When replacing flexible connectors, the header valves
if possible should be closed to prevent gas from escaping
and moisture from entering the manifold. Header valve
permits isolating the flexible connector from the manifold
piping for maintenance or replacement.
2) Pressure Manifold Line
The pressure manifold allows
for the coupling of any number of chlorine containers/cylinders
to a common header as required for a gas feed system.
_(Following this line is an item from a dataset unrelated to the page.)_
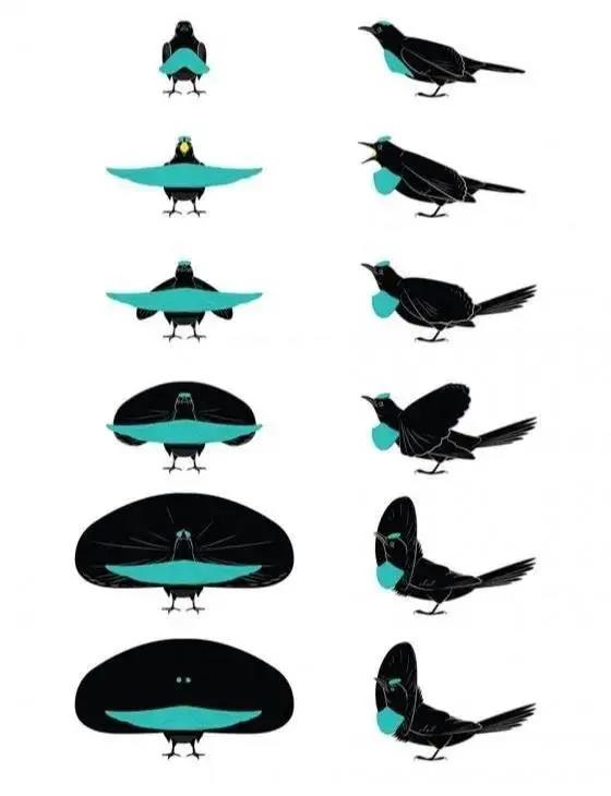 不过光是张开翅膀还不够,因为它们的背面其实非常普通,所以在向雌鸟献殷勤的时候,为了只把自己的正面朝向雌鸟,它们还需要练就一身灵活的走位,才能展示自己的最佳状态。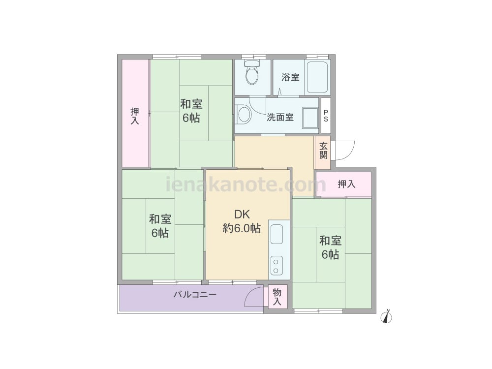 専有面積54.25平米の3DK。全室6帖のゆとりがあるプラン。DK以外は和室の落ち着いた造りです。東側の和室は独立した配置で、それ以外の部屋は続き間になっています。DKに隣接する和室には押入が無いため、家具を置くなど少し工夫が必要です。トイレは洗面室を通って出入りし、トイレ・浴室の窓は換気がしやすく快適。バルコニーに物入があります。

The valves on horizontal manifolds may be piped in either
direction. The maximum size of a chlorine header system
under pressure in any applications should never be larger
than one (1) inch. The pipes size & materials are
as ff.:
- 3/4" seamless carbon
steel, grade B, Sch. 80, types S, ASTM A-106 pipe
for Gas Withdrawal
- 1" seamless carbon
steel, grade B, ASTM A-106 pipe for Liquid Withdrawal
Note that prior to assembly,
the threads of header valves should be coated with a
mixture of litharge and glycerin for a permanent joint
or Teflon tape for a serviceable connection to above
manifold pipe.
The entire length of the
chlorine gas pressure manifold should be heat traced
with strip heaters to prevent reliquefaction of chlorine
gas in the manifold. Drip legs with pad heaters should
also be supplied. The number and orientation of the
drip legs should be in accordance with Engineering Data
Sheets A2.62107 and A2.62108.
In preparation for use, all
chlorine pressure piping should be pressure tested.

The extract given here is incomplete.